Het voorgaande leidt tot de slotsom, dat er onvoldoende grondslag aan te wijzen is voor de stelling dat appellant de beperkingen van betrokkene heeft onderschat. Voor een nadere motivering van de FML bestond derhalve geen of onvoldoende aanleiding. Dit betekent dat de aangevallen uitspraak voor vernietiging in aanmerking komt en dat het inleidend beroep ongegrond moet worden verklaard.
De Raad acht geen termen aanwezig om een van de partijen met toepassing van artikel 8:75 van de Awb te veroordelen in de proceskosten.

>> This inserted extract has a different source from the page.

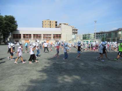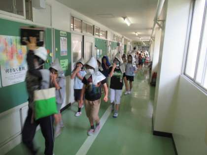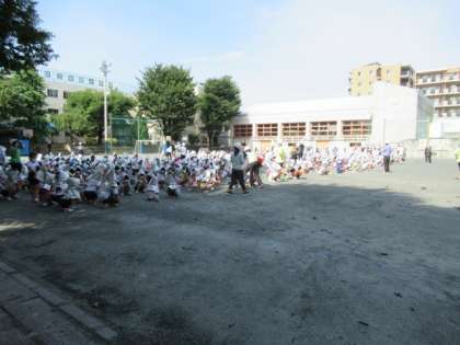 今回の想定は、近隣の住宅から火災が発生し、第1次避難場所の校庭に「お・か・し・も」の約束を意識して安全に避難することでした。

De Centrale Raad van Beroep,
Vernietigt de aangevallen uitspraak, voor zover aangevochten;
Verklaart het beroep ongegrond.
Deze uitspraak is gedaan door J.W. Schuttel als voorzitter en J. Riphagen en M. Greebe als leden. De beslissing is, in tegenwoordigheid van W.R. de Vries als griffier, in het openbaar uitgesproken op 29 februari 2008.